Supplied information:
Segment Open

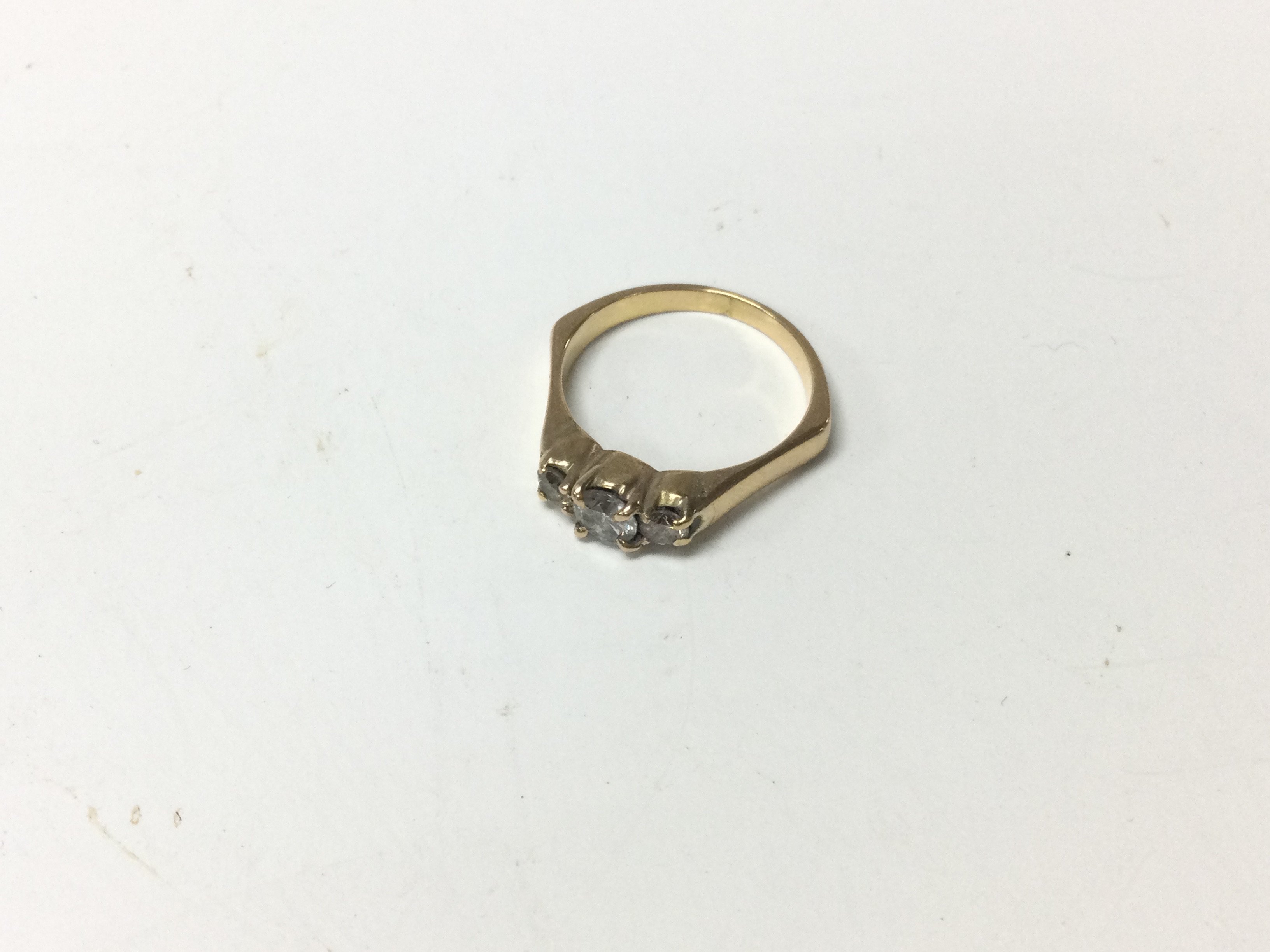 An 18ct gold three stone diamond ring. approx weight 3.7 grams, size M.
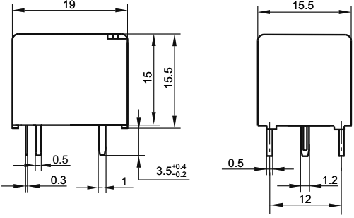 Vnější rozměry: 19 x 15.5 x 15.5mm
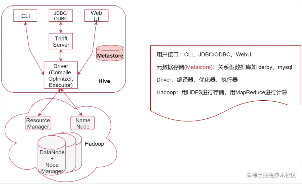 - Hadoop:Hive的一切使用都是基于Hadoop
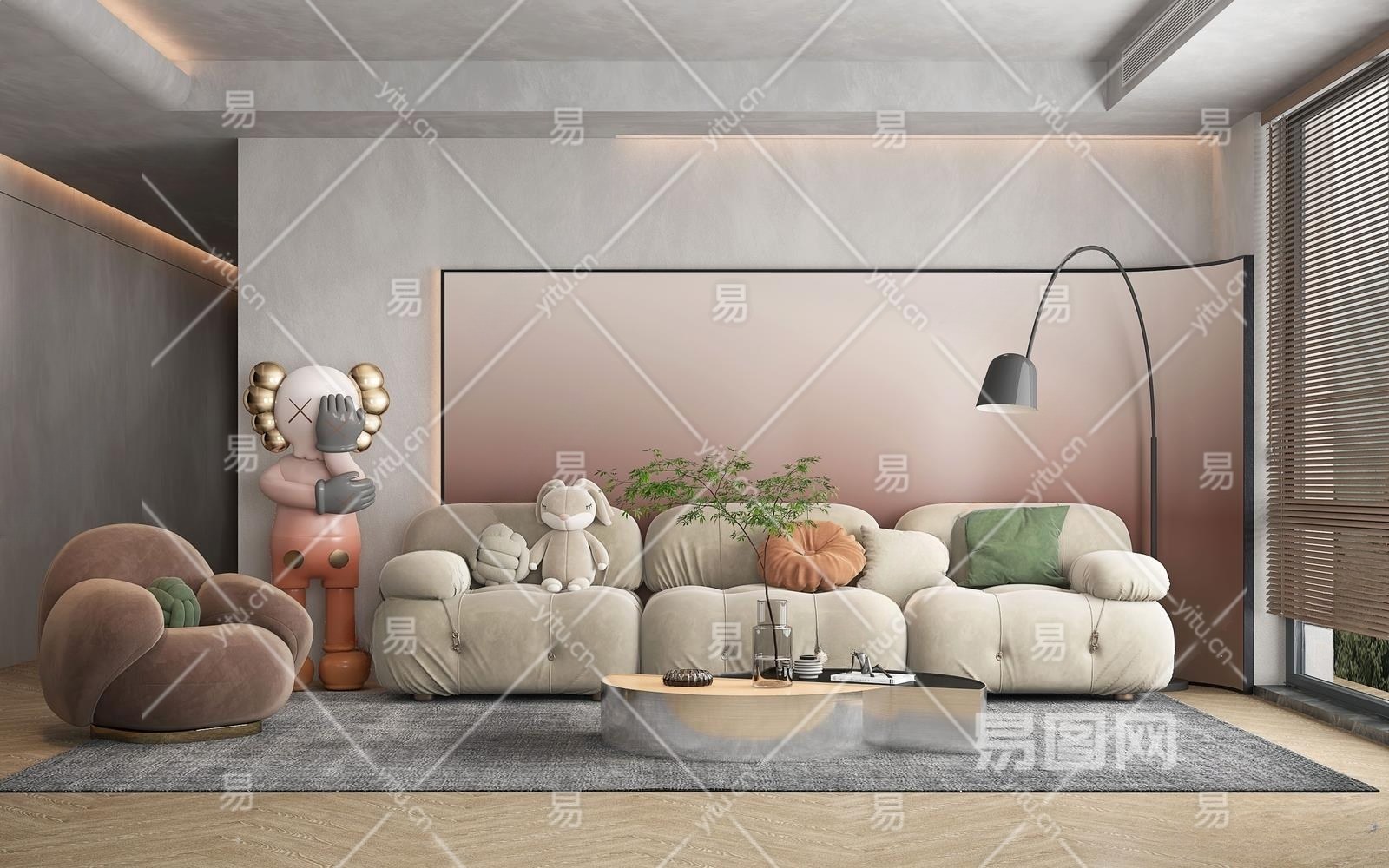 现代家居客厅3D模型下载

Segment Closed

Directions:
None of the pictures belong in the copy. Write out exactly the lines from the line that holds "Vnější rozměry: 19 x 15.5 x 15.5mm" through the last line of the listing above, both ends included.

Exercise result:
 Vnější rozměry: 19 x 15.5 x 15.5mm
 - Hadoop:Hive的一切使用都是基于Hadoop
 现代家居客厅3D模型下载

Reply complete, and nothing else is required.